Grant-seekers for systemic change face similar constraints; for example, sometimes relying on volunteer efforts to shape an initiative, holding community information responsibly, while ensuring that efforts are shaped organically based on real community priorities and systemic change needs. As these people try to gain support, they are aiming to uphold the integrity of the complexity they’ve witnessed while shaping up next steps which appeal to funding priorities.
We need to have empathy for each other’s situations, seeking to understand strategic alignment authentically and have empathy for the boundaries each party is working within.
Building specific new capacities to see and act in systems:
The intellectual understanding of the need for systems change is different from the capacity to practice it. There is a need for more capacity building to build all the different kinds of skills needed to succeed and a need to recognize where existing capacity exists but is not being leveraged.
Action orientation rather than research / academic orientation when approaching large-scale systemic work
There is a need for new narratives around evaluation and adopting the tools we have now.

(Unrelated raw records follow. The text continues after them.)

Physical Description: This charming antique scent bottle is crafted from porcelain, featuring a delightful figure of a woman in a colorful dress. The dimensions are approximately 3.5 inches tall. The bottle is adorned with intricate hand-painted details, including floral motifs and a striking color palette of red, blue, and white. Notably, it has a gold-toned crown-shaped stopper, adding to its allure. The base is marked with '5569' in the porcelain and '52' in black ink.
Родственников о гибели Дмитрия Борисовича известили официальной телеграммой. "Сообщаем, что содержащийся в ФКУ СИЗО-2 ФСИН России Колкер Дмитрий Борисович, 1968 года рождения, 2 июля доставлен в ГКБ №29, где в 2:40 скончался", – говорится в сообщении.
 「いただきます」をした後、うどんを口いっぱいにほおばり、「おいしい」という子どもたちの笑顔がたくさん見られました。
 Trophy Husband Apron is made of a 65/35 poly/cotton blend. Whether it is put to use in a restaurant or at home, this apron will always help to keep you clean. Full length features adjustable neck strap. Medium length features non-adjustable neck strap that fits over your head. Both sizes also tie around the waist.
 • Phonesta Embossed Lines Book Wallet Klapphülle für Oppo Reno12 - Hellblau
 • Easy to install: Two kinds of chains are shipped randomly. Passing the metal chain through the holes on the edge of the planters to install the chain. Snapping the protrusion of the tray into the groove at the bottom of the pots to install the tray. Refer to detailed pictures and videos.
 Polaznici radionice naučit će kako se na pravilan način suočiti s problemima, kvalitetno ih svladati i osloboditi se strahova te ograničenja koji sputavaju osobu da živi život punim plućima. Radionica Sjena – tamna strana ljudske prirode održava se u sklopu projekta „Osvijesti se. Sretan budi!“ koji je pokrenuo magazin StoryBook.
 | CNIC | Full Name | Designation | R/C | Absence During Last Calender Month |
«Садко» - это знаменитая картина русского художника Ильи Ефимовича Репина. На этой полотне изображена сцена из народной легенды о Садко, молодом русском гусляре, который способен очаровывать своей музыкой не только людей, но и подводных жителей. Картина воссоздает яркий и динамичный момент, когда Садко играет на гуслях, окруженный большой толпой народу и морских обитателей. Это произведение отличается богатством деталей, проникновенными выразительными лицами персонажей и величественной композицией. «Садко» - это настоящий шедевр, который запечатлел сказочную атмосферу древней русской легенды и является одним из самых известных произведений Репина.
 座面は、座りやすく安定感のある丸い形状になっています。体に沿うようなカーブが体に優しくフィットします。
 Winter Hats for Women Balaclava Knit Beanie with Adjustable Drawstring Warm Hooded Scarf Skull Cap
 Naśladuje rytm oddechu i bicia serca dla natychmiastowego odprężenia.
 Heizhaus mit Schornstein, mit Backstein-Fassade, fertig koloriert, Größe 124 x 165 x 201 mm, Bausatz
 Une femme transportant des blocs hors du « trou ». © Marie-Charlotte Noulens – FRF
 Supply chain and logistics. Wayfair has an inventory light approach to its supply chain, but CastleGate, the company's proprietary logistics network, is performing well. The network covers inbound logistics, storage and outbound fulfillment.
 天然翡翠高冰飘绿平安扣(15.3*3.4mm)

Some tools are there, but they aren’t being adopted widely yet.
There is a need for new narratives around when evaluation approaches need to be created: before the work begins, or as a phase of the work?
Ensuring quality in systems work
Systems approaches are more mature than they appear to those less familiar with them, but they may still need additional rigor and development, especially in the areas of impact measurement, explaining their work, and creating communities of support.
In many respects, we’re still learning how to ensure quality.